From a total of 1,932 trap nights, 178 animals were captured (trap success = 9.2%), including 135 (75.8%) brown rats and 43 (24.2%) roof rats (R. rattus). The ratio of males to females was 2:1 for both species. Six (3.4%) rodents, all brown rats, were RT-PCR–positive (four female adults, one male adult, and one female juvenile). Positive rodents were noted at two trap sites (one site along the Mississippi River and the second site in a residential neighborhood approximately 2 miles to the north) on two separate occasions 6 months apart (Figure 1).
RT-PCR and phylogenetic analysis.
Sequence analysis of selected RT-PCR–positive rodents revealed 99% homology with the previously identified Tchoupitoulas variant of Seoul virus.4 Given the almost identical sequences of the 281-base pair amplicons produced, a representative sequence was used for phylogenetic comparison (Figure 2). Phylogenetic analysis confirmed that all rodent-derived hantavirus sequences from this study belonged to the same branch as the previously identified Tchoupitoulas virus within the Seoul virus clade. Congruency between Bayesian and bootstrapped neighbor-joining, maximum parsimony, and maximum likelihood analyses of Clustal alignments validated the phylogenetic assignment (data not shown).
Figure 2.
Maximum likelihood phylogenetic tree showing relatedness of a representative hantavirus (NOLa68; bold) indentified from rodent samples collected in New Orleans, Louisiana, with other Old World hantavirus sequences available from GenBank.

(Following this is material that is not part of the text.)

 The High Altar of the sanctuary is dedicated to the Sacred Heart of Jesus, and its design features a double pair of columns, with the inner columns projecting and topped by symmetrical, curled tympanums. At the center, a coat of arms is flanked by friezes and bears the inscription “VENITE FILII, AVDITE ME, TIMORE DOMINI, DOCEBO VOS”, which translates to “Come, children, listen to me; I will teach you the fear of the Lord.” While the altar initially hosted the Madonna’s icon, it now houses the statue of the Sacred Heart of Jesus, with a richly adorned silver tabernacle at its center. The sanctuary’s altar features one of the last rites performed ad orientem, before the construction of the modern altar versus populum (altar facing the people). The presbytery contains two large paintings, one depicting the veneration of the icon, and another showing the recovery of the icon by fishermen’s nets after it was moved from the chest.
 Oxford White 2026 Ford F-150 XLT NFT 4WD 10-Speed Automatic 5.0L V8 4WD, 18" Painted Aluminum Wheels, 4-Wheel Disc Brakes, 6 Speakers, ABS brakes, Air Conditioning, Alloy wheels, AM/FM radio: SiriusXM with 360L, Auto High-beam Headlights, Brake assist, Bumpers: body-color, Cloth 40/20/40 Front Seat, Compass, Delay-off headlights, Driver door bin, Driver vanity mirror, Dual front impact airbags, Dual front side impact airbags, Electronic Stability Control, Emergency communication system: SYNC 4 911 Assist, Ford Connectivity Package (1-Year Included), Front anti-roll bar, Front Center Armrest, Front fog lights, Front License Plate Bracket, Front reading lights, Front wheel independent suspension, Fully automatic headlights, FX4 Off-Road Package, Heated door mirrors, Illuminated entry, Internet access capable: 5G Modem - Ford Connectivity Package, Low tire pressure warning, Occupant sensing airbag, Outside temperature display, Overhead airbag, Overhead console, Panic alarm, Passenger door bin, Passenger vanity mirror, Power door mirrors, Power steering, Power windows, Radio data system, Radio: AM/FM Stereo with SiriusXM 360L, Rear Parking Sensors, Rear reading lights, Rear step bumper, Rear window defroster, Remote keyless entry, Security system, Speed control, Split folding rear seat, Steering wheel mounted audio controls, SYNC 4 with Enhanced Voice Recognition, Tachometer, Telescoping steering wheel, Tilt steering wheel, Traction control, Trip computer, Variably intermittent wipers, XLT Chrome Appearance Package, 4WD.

The tree compares partial S-segment sequences (nucleotide positions 973–1253 of accession number M14626.1) and was constructed using the Tamura three-parameter model with γ-distributed rate heterogeneity and a proportion of invariant sites (T92 + G + I). Each branch shows the GenBank accession number followed by common virus identifier. The scale bar indicates nucleotide substitutions per site. GenBank accession numbers of sequences derived from this study are KF683313, KF683314, and KF683315. DOBV = Dobrava virus; HTNV = Hantaan virus; PUUV = Puumala virus; SEOV = Seoul virus; TULV = Tula virus.
Virus isolation, immunofluorescence assay, and electron microscopy.

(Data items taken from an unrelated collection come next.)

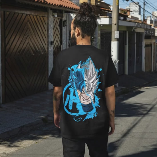 Back: A stunning, split graphic of Goku's iconic transformations: one half in Super Saiyan Blue and the other in the powerful Ultra Instinct form. The design is framed by dynamic blue and white energy bursts and includes a subtle Kanji symbol (likely Goku's "Go" kanji), all popping vibrantly against the black fabric.
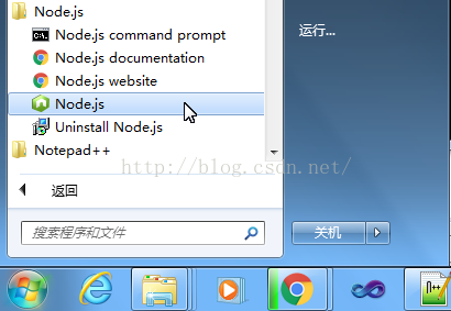安装完成后,开始菜单里会添加一个Node.js的目录,如下图所示:
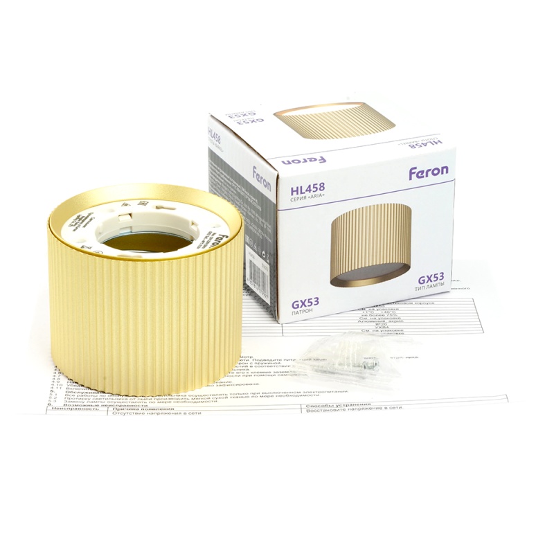 Характеристики Светильник потолочный Feron HL458 Barrel ARIA 12W, 230V, GX53, золото
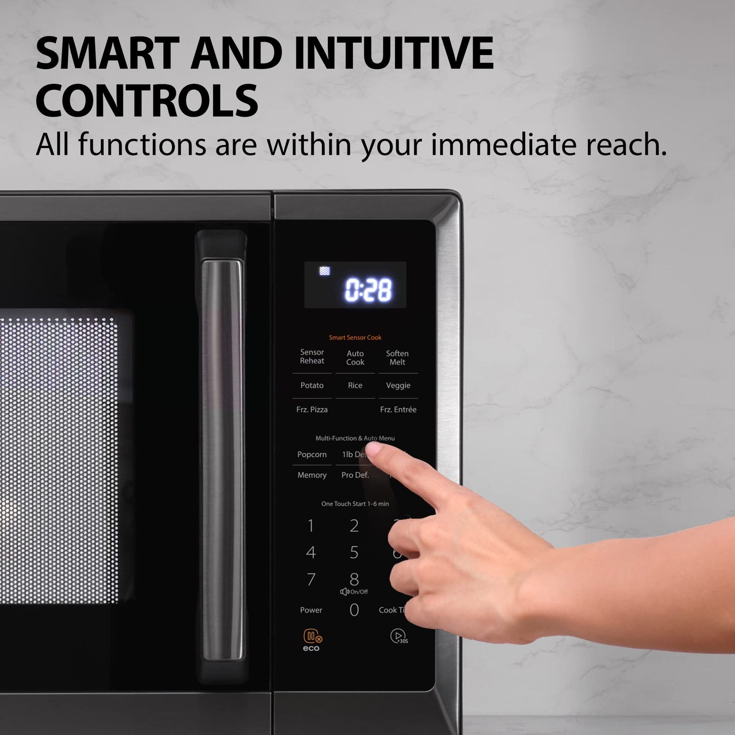 - 【Convenience Features】 1lb defrost, memory function to set up your most-used microwave routine, multistage cooking, child safety lock, clock and kitchen timer, mute function, ECO mode
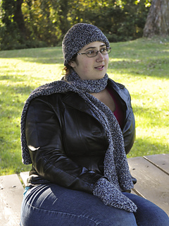 This is a hat, scarf and mittens made with the double moss stitch pattern. These are light pieces suitable for a crisp fall day, or work them in a heavier yarn and smaller needles for a tighter, warmer set of garments.
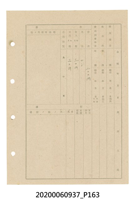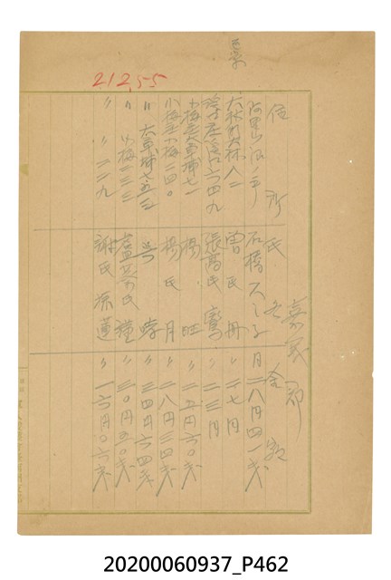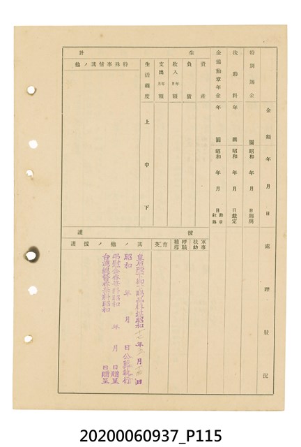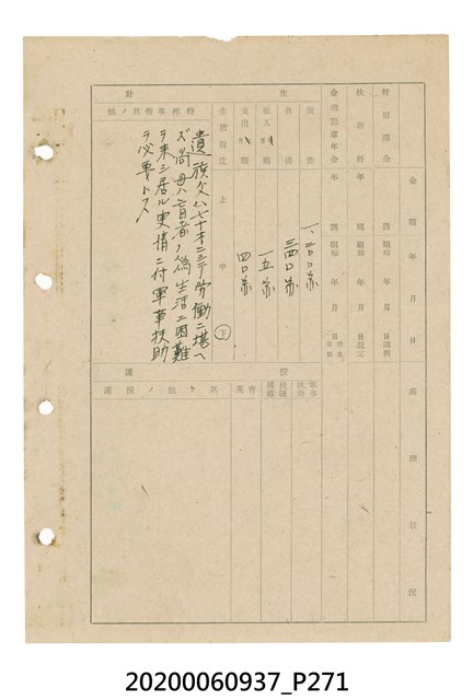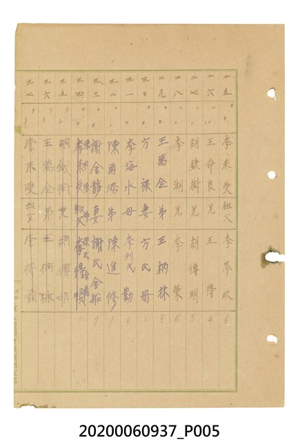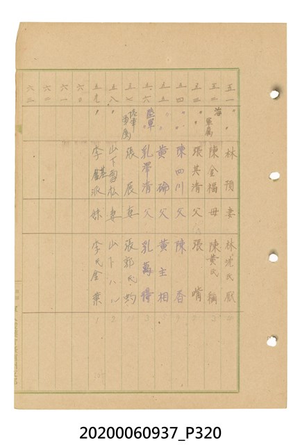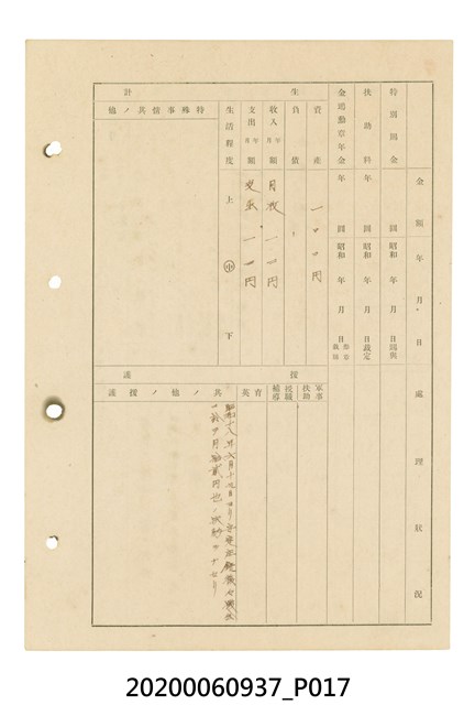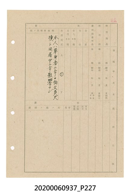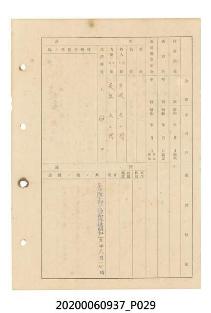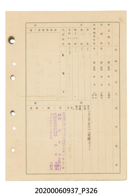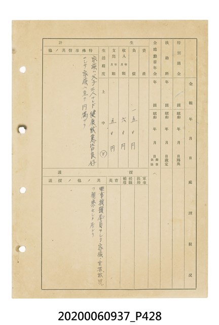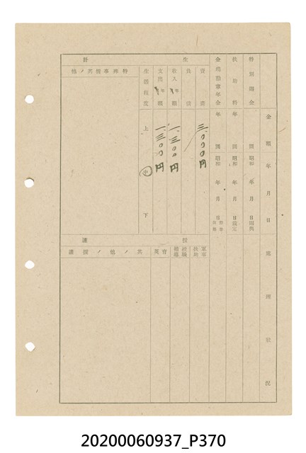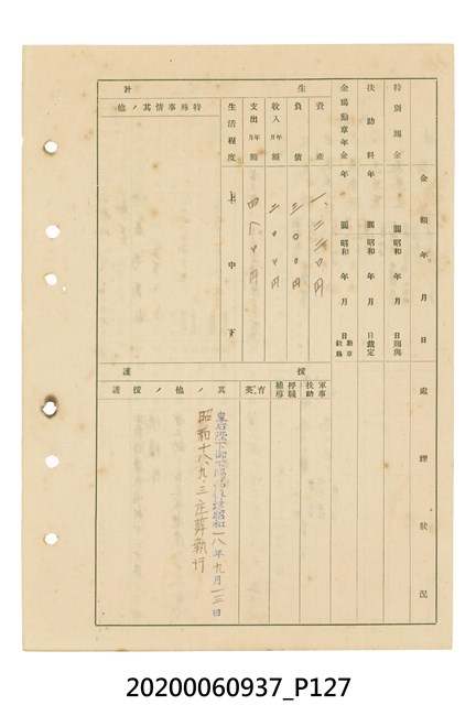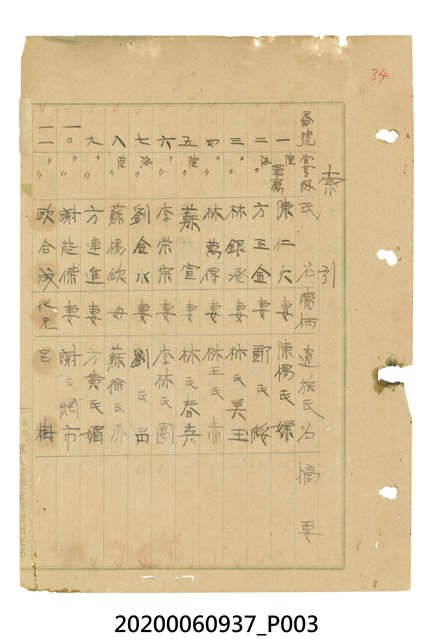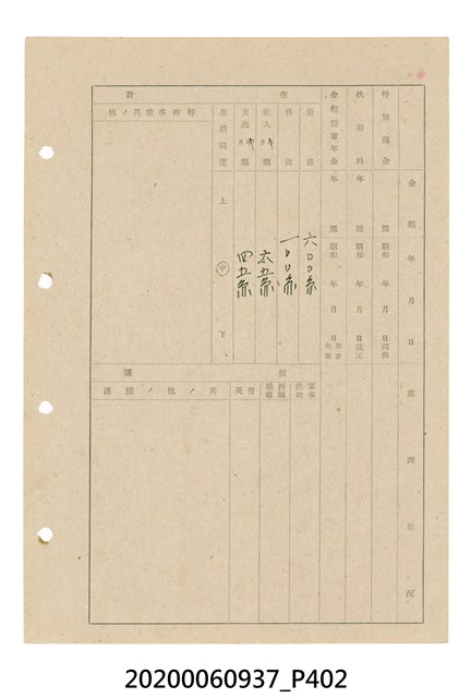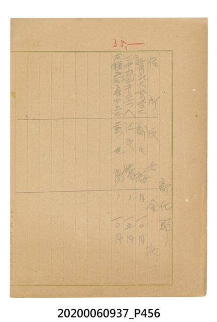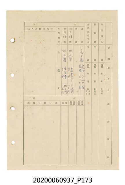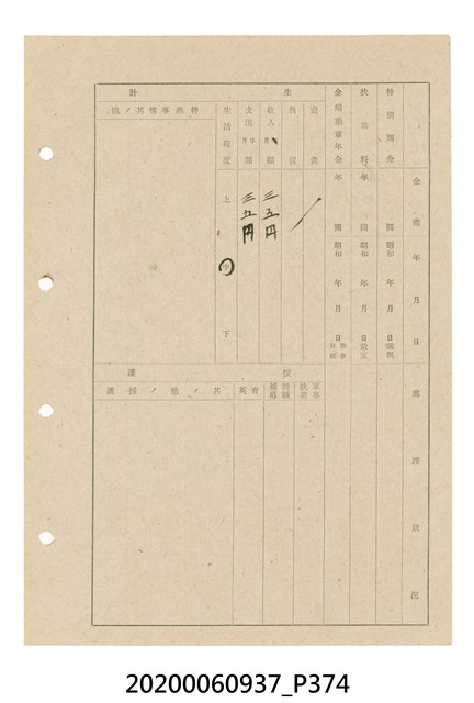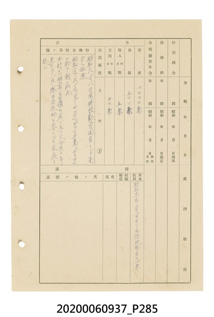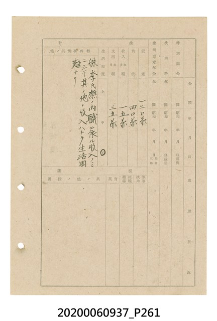 1.本件長19.1公分、寬27.5公分、高4.3公分。本件臺帳登記了戰歿者、軍隊隊號、所屬州郡、製作日期、軍階、應召入軍隊的時間、戰歿時間、死亡原因、本籍居住地、遺族、親戚關係、遺族之個人資料(含出生年月日、職業等)。 2.本件戰歿者名為陳仁火,1916年8月31日生,為軍隊ち號,軍階為軍屬,來自臺南州新化郡,入團時間為1937年9月10日,死亡原因為戰死,戰歿時間為1937年11月18日。本件作成時間為1940年12月17日。遺族包含兩位哥哥(陳德生、陳來春)、一位嫂嫂(陳楊明氣)、妻子(陳楊嫌)與一對兒女(長男陳有三、長女陳澄子)。3.臺帳指的是登記某種事實的帳簿或書冊,例如:土地臺帳;而本件為登記戰歿者及其遺族的相關資料書冊。

RT-PCR on Vero E6 cell culture supernatant produced the expected 281-base pair product amplified from infected tissues (data not shown). Immunofluorescence assay testing of cells revealed classical punctate, cytoplasmic staining of hantavirus nucleocapsid protein. Electron microscopy showed classic hantavirus morphology of pleomorphic, ovoid virions ranging from 80 to 120 nm in diameter (Figure 3).
Figure 3.
(A and B) Electron micrographs showing classic hantavirus particles ranging from 80 to 120 nm in diameter budding from the surface of Vero cells. (C) Immunofluorescence assay showing characteristic punctuate, cytoplasmic staining of infected Vero E6 cells stained with anti-Seoul virus nucleocapsid antibody. (D) Mock-infected Vero E6 cells. Scale bars: A and B, 250 nm; C and D, 20 μm.
Discussion
Our results show that the Tchoupitoulas variant of Seoul virus is still present in the brown rat population in New Orleans, although at low prevalence. The finding of this same virus over 25 years since its first discovery suggests a stable endemicity in the city. It remains unknown whether human infection and disease caused by Tchoupitoulas virus have occurred in New Orleans, although the 1982 report by Tsai and others5 on the testing of 57 rodent and mosquito control personnel, virology laboratory workers, and sanitarians in New Orleans for anti-Hantaan virus immunoglobulin G (IgG) antibody by immunofluorescence assay showed no positives.5 No systematic testing has been done since that time, and no routine surveillance for hantavirus infection or HFRS exists in the city. Additionally, clinical laboratory testing for hantaviruses is not routinely available.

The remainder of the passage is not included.